Когда через полчаса Маша коротко постучала и открыла дверь Берга, он был занят подготовкой «разгрузки» – так редакционные фотографы называли что-то вроде детского фартучка с множеством карманов, по которым были в определенном порядке рассованы объективы, запасные аккумуляторы, лампы-вспышки и прочая фотоамуниция. Но «разгрузки» знакомых Машиных «фотиков» были простенькие – из джинсы или просто черной ткани. У Берга «разгрузка» была щегольская, как все его снаряжение: темно-серая замша была расчерчена на кармашки красной тесьмой, ремни, которыми «разгрузка» застегивалась на спине, были снабжены удобными карабинами.
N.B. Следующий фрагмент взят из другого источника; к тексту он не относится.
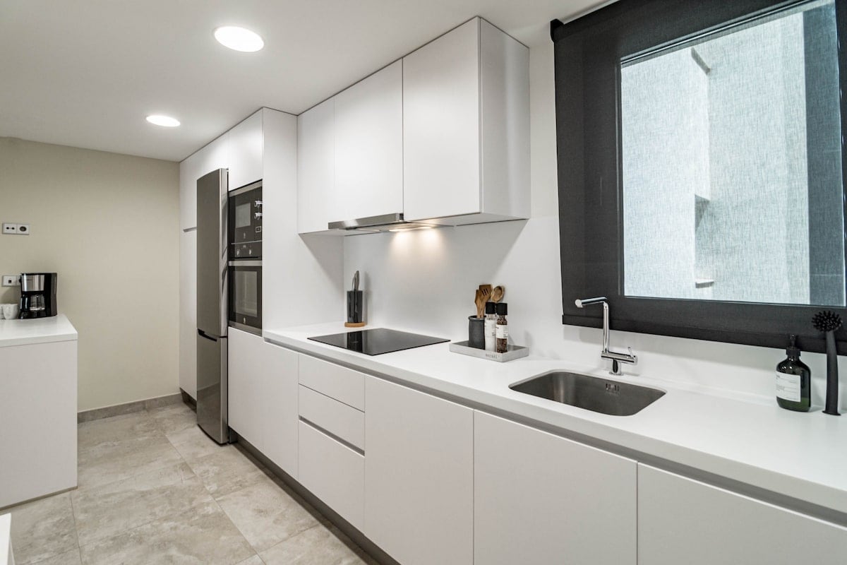 In the induction open plan kitchen, refrigerator, microwave, oven, freezer, washing machine, dryer, dishwasher, dishes/cutlery, kitchen utensils, coffee machine, toaster, and kettle are provided.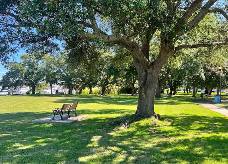 Grassy lawns, oak trees, and water views. Plus paved paths & benches.
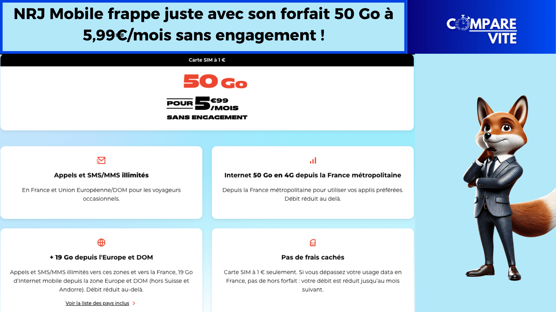 Sur Compare Vite, on sélectionne chaque mois les meilleurs forfaits mobile du moment selon vos critères : prix, data, réseau, options, etc. Ce NRJ Mobile 50 Go à 5,99€/mois coche toutes les cases si vous cherchez l’essentiel au meilleur prix.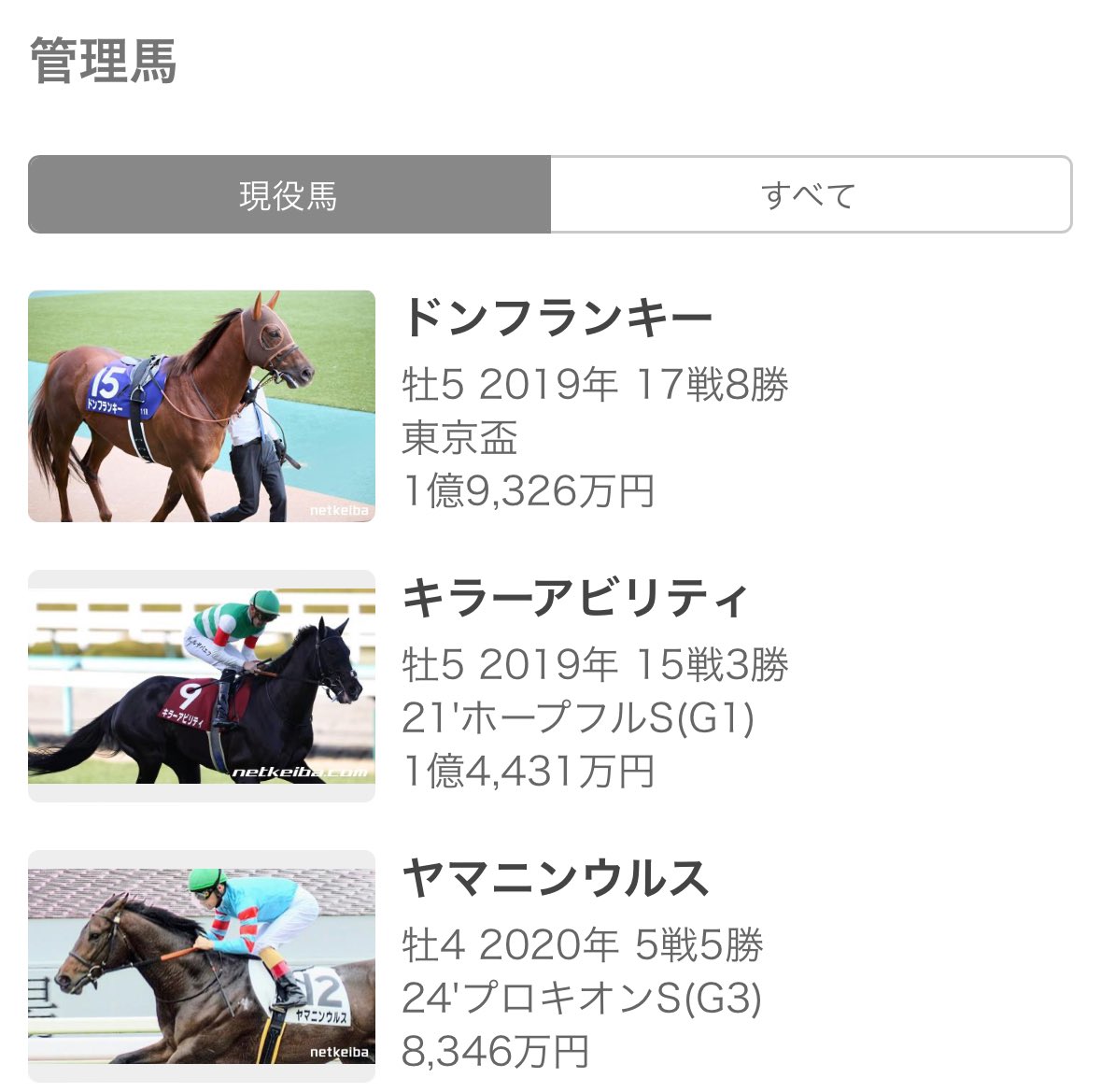 落ち着け厩舎の管理馬一覧や

Берг любовно вынимал каждый объектив из замшевого серого мешочка и укладывал по кармашкам – готовился к работе. Маша невольно залюбовалась – ей всегда нравилось смотреть на профессионалов, чем бы они ни занимались. Собственно, это и было самое интересное в ее работе…

– Я готов! – отрапортовал Берг, уложив в последний кармашек какой-то маленький приборчик, названия которому Маша не знала. – Мы можем идти?


Они проделали обратный путь к центру поселка, зашли в свежеотремонтированное здание администрации. Когда-то тут, помнила Маша, был райком КПСС – типовой двухэтажный дом, обшитый вагонкой «в елочку». Теперь, отделанный светло-желтыми пластиковыми панелями, с новыми стеклопакетами, он выглядел вполне по-европейски.

Секретарша величаво приветствовала их, заглянула в кабинет, отставив обширный зад, и тут же широко распахнула дверь:

– Проходите!

Замглавы сидел за громадным столом под портретом президента и двумя большими иконами в золоченых окладах. Сбоку в специальном «подстаканнике» стоял триколор. Замглавы радушно улыбнулся, вышел из-за стола, издалека протягивая руку.

– Очень рад, очень, мне из пресс-службы губернатора звонили, просили, так сказать, принять и обогреть! У нас тут часто столичная пресса гостит, в прошлом году Первый канал пожаловал, но вот из Германии пока журналистов не бывало! Ячменев Алексей Александрович, очень рад! – поочередно потряс он руку Маше и Бергу.

Те тоже представились и уселись за длинный стол для совещаний.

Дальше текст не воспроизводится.